Figure 47. Proposed location of PE-IGCC in City of Kinshasa 114

초록보기

 Electricity is a critical resource in the daily life of a population, industry, business, or any type of organization since it enables the investments, innovations, and new sectors that drive job creation, inclusive growth, and shared prosperity across entire economies (World Bank, 2022). There is no development without electricity because many sectors of life deal with it.

Congo, the Democratic Republic of, is one of the largest Countries around the world, second in Africa, and in addition, the richest country in terms of natural resources with a population estimated at around 90 to 100 million inhabitants. However, it is among of low electrification rates country in the world less than 20% of the Congolese population has access to electricity.

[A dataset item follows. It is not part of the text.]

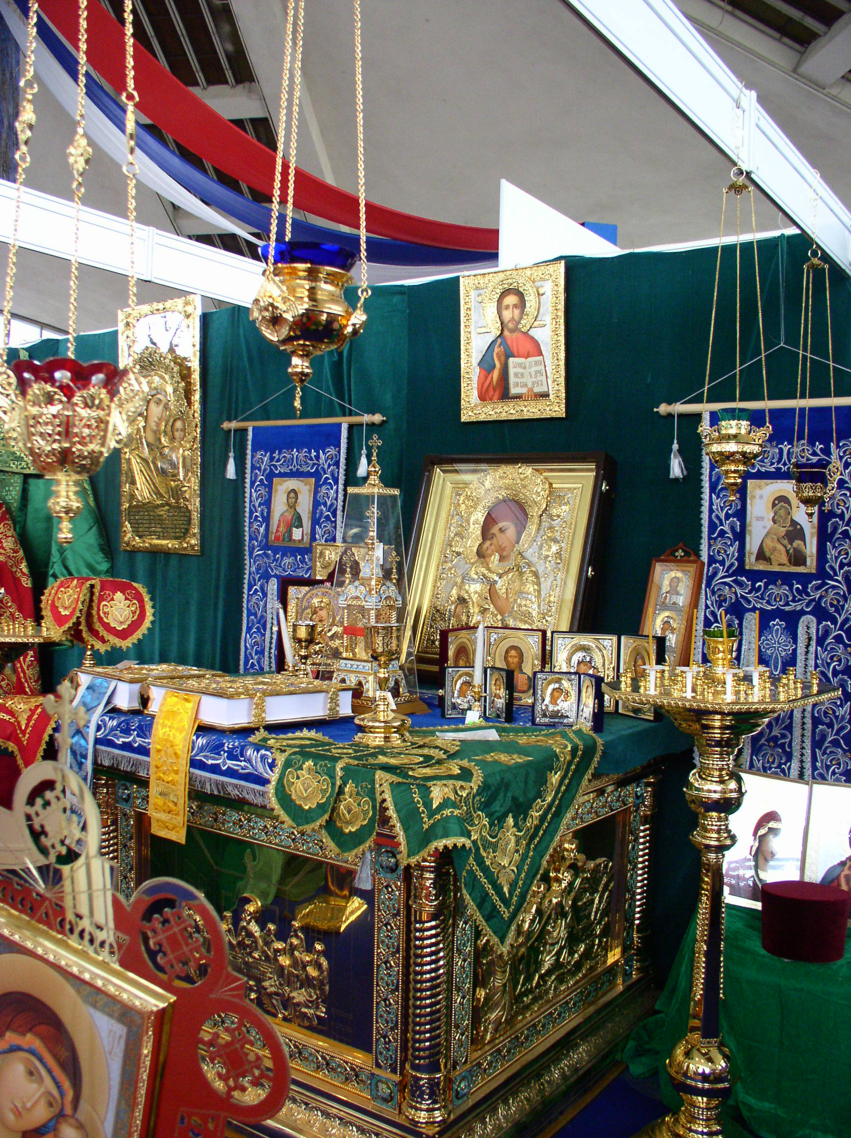 Russian Orthodox stuff. Russian national exhibition, Minsk, Belarus.

In the same line of thought, every day, DR Congo produces a huge quantity of solid waste generated in the country without a suitable management system. It is widely accepted that the primary causes of waste generation are urbanization, economic growth, and population growth. Kinshasa metropolises city produces around 11900 tons of MSW per day. Taking out all kind of waste could not be used for energy production, the estimated amount of waste is around 451.21 tons from 24 of municipalities, with production average of 208.41 tons each township. This situation raises concerns about the long-term management of waste capacity. Besides this, the absence of an effective management system results in flooding, air pollution emissions from household waste burning, and an increase in the number of mosquitos, causing public health concerns.

Furthermore, Solid waste could be used as a source of energy and that power generation from waste can play an important role in reducing the impacts of municipal solid waste (MSW) on the ecosystem. In addition, various methods currently accomplish waste management including incineration, landfills, biochemical conversion, and others. However, among of these processes, some are not environmentally friendly because waste reduction efficiency is low and causes health risks. Under this situation, appropriate and sustainable environment waste-to-energy conversion technologies are critical for attempting to address the massive amount of Solid waste produced and energy trustworthiness sustainable and responsible, resulting in the transformation of a habitable environment.

The objective of this research focused on a suitable electricity production source while automatically ensuring energy balance between production source and distribution throughout a smart grid on one hand and providing a new way or technique to overcome the shortcomings of current solid waste treatment methods to solve environmental pollution and its consequences on man in another hand.

Thereby, the study examined the feasibility of the implementation of hybrid plasma technology through a gasification process as a suitable or eco-friendly waste-to-energy technology in the city of Kinshasa. The physical composition analysis in Kinshasa city was conducted and findings show that the city has the diverse type of waste depending on the season.

In accordance with the findings, Aspen plus software was able to produce Syngas from the simulation and the result show Mass fraction of H2, N2, H2O, CO, CO2, CH4 with a mass density of 0.37 kg/cum. Thereby, the expectation capacity to install from this pilot project is about 11.82 MW/h PE-IGCC power plant. In addition, from this capacity of energy produced using plasma gasification, Machine learning model, especially LSTM RNNs and Simple RNN for automatically learning features from sequence data which support multiple-variate data for multi-step forecasting provided a best automatic control system for energy forecast between a residential and industrial area based on data from Kaggle considering day and nighttime. The result of the ML model shows a best performance of learning with 96% of accuracy.

Based on findings, the microwave hybrid plasma technology and AI techniques proposed in this research handle both crises efficiently, including environmental pollution, waste disposal issues, and power reliability.